I stuffed them in my bag when I jumped in my car.

Grabbing my unruly hair, I run my hands through repeatedly, trying to muster up a plan to play this off to Coach without drawing too much attention to myself this early in the season.

Ryan juts his chin out toward his locker with that cocky grin plastered across his face. “Check my locker.”

Busting open his locker, I’m greeted with extra socks, pads, tape, gloves, and Band-Aids. I’ve never seen a locker stocked with extras of all the essentials a football player could need.
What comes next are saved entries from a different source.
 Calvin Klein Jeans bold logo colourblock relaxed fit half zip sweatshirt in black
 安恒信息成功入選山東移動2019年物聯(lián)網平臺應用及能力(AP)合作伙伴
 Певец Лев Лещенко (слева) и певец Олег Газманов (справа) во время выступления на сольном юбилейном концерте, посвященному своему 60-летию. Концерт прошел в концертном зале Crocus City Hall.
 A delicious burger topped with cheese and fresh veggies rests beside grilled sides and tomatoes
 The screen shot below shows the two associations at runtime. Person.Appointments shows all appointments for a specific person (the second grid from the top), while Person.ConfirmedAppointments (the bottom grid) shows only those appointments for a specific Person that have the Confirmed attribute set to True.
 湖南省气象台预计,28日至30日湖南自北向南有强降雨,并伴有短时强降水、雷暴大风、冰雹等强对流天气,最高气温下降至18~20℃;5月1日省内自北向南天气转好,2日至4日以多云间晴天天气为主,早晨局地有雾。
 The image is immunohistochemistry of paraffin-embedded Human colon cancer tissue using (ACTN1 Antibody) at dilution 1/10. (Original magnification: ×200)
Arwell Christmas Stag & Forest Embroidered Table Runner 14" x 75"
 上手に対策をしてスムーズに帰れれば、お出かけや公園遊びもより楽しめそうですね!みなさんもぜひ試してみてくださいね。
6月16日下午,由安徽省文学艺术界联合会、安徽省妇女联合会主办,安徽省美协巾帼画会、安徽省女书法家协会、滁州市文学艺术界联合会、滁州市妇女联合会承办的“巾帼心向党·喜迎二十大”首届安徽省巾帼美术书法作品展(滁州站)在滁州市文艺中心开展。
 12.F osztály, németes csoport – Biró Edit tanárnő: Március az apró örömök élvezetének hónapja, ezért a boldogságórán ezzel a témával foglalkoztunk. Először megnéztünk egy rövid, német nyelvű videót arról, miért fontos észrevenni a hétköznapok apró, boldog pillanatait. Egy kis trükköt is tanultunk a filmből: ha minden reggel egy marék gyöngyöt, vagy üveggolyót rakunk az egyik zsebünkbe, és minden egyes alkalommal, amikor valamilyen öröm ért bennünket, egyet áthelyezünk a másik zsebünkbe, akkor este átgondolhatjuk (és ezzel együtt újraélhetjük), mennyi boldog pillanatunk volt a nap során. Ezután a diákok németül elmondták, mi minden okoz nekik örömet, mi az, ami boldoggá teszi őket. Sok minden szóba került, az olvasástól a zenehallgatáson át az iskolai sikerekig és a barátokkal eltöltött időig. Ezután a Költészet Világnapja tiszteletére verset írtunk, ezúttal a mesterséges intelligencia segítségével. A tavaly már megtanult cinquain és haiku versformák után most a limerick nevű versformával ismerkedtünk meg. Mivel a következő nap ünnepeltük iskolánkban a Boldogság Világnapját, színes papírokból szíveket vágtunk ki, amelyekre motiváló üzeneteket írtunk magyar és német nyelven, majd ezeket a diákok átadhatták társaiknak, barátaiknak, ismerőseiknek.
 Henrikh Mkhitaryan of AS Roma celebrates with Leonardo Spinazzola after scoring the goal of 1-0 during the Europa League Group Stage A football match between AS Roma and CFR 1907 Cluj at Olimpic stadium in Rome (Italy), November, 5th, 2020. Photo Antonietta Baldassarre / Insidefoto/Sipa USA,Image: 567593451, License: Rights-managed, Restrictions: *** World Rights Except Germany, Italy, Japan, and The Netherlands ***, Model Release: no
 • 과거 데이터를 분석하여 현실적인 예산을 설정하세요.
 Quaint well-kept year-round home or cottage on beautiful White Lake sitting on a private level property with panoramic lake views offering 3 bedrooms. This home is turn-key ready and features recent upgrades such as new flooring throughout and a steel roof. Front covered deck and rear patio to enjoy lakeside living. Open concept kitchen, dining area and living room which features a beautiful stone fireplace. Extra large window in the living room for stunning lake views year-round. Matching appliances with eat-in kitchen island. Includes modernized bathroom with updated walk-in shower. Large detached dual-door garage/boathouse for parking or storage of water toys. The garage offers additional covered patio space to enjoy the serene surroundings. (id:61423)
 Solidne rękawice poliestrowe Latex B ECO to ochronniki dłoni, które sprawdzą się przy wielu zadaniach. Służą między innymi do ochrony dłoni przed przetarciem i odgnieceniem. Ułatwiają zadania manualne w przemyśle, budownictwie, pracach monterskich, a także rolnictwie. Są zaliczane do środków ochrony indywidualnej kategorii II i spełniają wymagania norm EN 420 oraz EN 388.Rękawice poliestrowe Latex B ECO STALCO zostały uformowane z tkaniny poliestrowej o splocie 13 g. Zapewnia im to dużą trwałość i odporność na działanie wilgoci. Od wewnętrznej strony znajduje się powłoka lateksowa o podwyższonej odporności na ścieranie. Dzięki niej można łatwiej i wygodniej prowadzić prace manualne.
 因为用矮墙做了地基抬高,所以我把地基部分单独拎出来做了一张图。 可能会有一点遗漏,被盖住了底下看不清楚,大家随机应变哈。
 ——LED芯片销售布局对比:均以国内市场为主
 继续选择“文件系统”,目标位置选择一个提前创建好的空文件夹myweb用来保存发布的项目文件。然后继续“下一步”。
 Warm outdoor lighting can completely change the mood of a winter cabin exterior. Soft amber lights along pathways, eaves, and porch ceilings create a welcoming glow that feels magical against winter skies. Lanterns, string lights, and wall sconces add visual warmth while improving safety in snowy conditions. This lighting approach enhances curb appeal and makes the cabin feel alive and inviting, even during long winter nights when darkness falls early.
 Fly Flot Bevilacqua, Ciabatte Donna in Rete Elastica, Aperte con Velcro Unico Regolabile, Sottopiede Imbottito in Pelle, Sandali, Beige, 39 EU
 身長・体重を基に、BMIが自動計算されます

I grab the gloves and turn to him, a questioning look in my eyes, and he nods in permission.

“Who is this prepared? Now that I know you’ve got the goods, I can sleep in later and later.”

“My preparedness saved you today, so watch the smart mouth.”

I laugh, quickly grab what I need, and we jog onto the field together just in time for Coach’s piercing whistle.

Ryan may act tough, but this proved what kind of person he is.

After our conversation at the tattoo shop, we understand each other better.

He harbors the same hurt in his eyes that are reflected in mine.

He could have easily walked past me, writing me off as a screw-up who doesn’t take college ball seriously.

Instead, he helped me, and something tells me his past isn’t as polished as his present.

After practice wrapped and I basked in a long, hot shower, I’m still wired.

Practice helps the physical adrenaline that I experience on a daily basis, but not so much the mental.

Sauntering to Ryan in a towel wrapped around my waist, I pat him on the shoulder and he greets me with the same annoyed look he always does.

“We’re going out tonight,” I say to Ryan as my way of thanking him for what he did earlier.

He shakes his head back and forth, slings his equipment bag over one shoulder, and begins to leave.

But before he can, I stop him. “Wait. It’s Friday, and we don’t have practice tomorrow.

” I pat his shoulder and run through a mental list of reasons he should come out to decide which one would work the best. “I heard some of the older guys say Downtown Tap is laxed on carding.”

“I don’t drink in bars,” he mumbles under his breath.

“Looks like I have a built-in designated driver.” My laugh vibrates through the almost-empty locker room, but the joke didn’t land.

“Are you done?” He cracks his neck side-to-side and grips the strap of his bag tighter.

“Look, what you did for me earlier proves you don’t hate me as much as you’d like me to think,” I admit.

Why can’t I just say thank you and move on?

“My. . .uhh. . . ADHD gets the best of me sometimes.” Grabbing the back of my neck with one hand, I squeeze the muscles, lowering my eyes to the cement floor.

As if my admission unlocks an internal understanding within him, Ryan says, “One night.” He sticks the number one up to my face. “I won’t make this a habit.”

“Meet me at my apartment at ten. I’ll text you the address.

” I squeeze past him, throw on a t-shirt and shorts, and try to leave the locker room, but before I do, I add, “Leave your ego at the door. You’re about to witness the Hartley Knox experience.

” His eyes roll to the back of his head before I sprint out to the car, eager for my first night out as a college football star.